1. Introduction
The SNOMED CT terminology provides a common language that enables a consistent way of indexing, storing, retrieving, and aggregating clinical data across specialties and sites of care. The International Health Terminology Standards Development Organisation (IHTSDO®) maintains the SNOMED CT technical design, the content architecture, the SNOMED CT content (including the concepts table, the descriptions table, the relationships table, a history table and mappings), and related technical documentation.
This document is intended to give a brief description, background context and explanatory notes on the SNOMED CT International/ICH (International Council for Harmonisation of Technical Requirements for Pharmaceuticals for Human Use) work through the EU funded WEB RADR 2 project and the resulting SNOMED CT/MedDRA maps, which are being published as a Production release in April 2021. This document covers the background to the collaboration between SNOMED International and ICH, through the MedDRA MSSO, as part of the project and goes on to cover the consequent release artefacts. It is not a detailed technical document of SNOMED CT, MedDRA or the SNOMED CT International/ MedDRA release. Nor does it seek to provide an editorial policy for this content though does provide a link to the Mapping conventions developed and used.
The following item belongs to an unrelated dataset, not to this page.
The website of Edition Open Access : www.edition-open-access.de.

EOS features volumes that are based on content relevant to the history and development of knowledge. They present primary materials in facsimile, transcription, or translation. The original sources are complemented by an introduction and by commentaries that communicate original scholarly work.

The Production release in April 2021 is available to licensed users of either SNOMED CT or MedDRA.
2. Audience for this document
This document should be read by all those (SNOMED International National Release Centers, vendors of electronic health records, terminology developers, Regulators and Pharmaceutical Industry) with an interest in the usage of this content in SNOMED CT and its linkage with MedDRA i.e. the SNOMED CT to MedDRA and MedDRA to SNOMED CT maps based on a priority set of MedDRA.
3. Background
In 2018, SNOMED International and ICH joined the WEB-RADR 2 project, funded by Innovative Medicines Initiative (IMI). SNOMED International and ICH (through MedDRA MSSO) led the effort to develop 2 maps between SNOMED CT and MedDRA. A specific work package was devoted to this purpose and included participants from regulatory authorities and industry as well as SNOMED International and MedDRA MSSO. The project delivered the following:
- 2 maps (MedDRA to SNOMED CT and SNOMED CT to MedDRA) of frequently-used pharmacovigilance MedDRA terms that were identified from databases from the UK’s Medicines & Healthcare products Regulatory Agency (MHRA) and the European Medicines Agency (EMA). This subset represents the high value terms to support interoperability between the terminologies.
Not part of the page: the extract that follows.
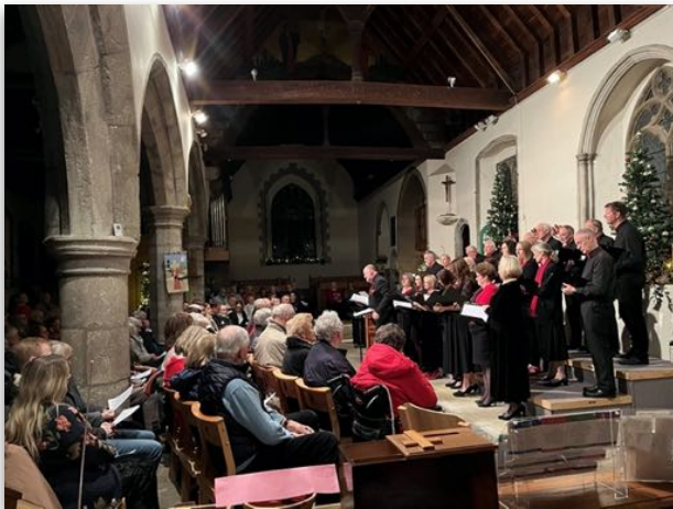
Mixed Blessings Christmas concert in church 2023

Villagers can enjoy many other activities/groups, which meet in church buildings or in the three community halls in the village. The

- A set of Mapping conventions that were drafted as part of a pilot set and updated for the main body of work.
- A small number of content additions to SNOMED CT in support of the MedDRA high value terms as defined by scope and editorial rules of SNOMED CT.
The Use cases of the project and the process of maintenance and updating of the 2 maps are defined as follows:
SNOMED CT to MedDRA map use case:
Key pharmacovigilance concepts when coded in SNOMED CT in an electronic health record could be converted to MedDRA for the purpose of adverse event reporting to regulatory authorities or for the purposes of epidemiological research.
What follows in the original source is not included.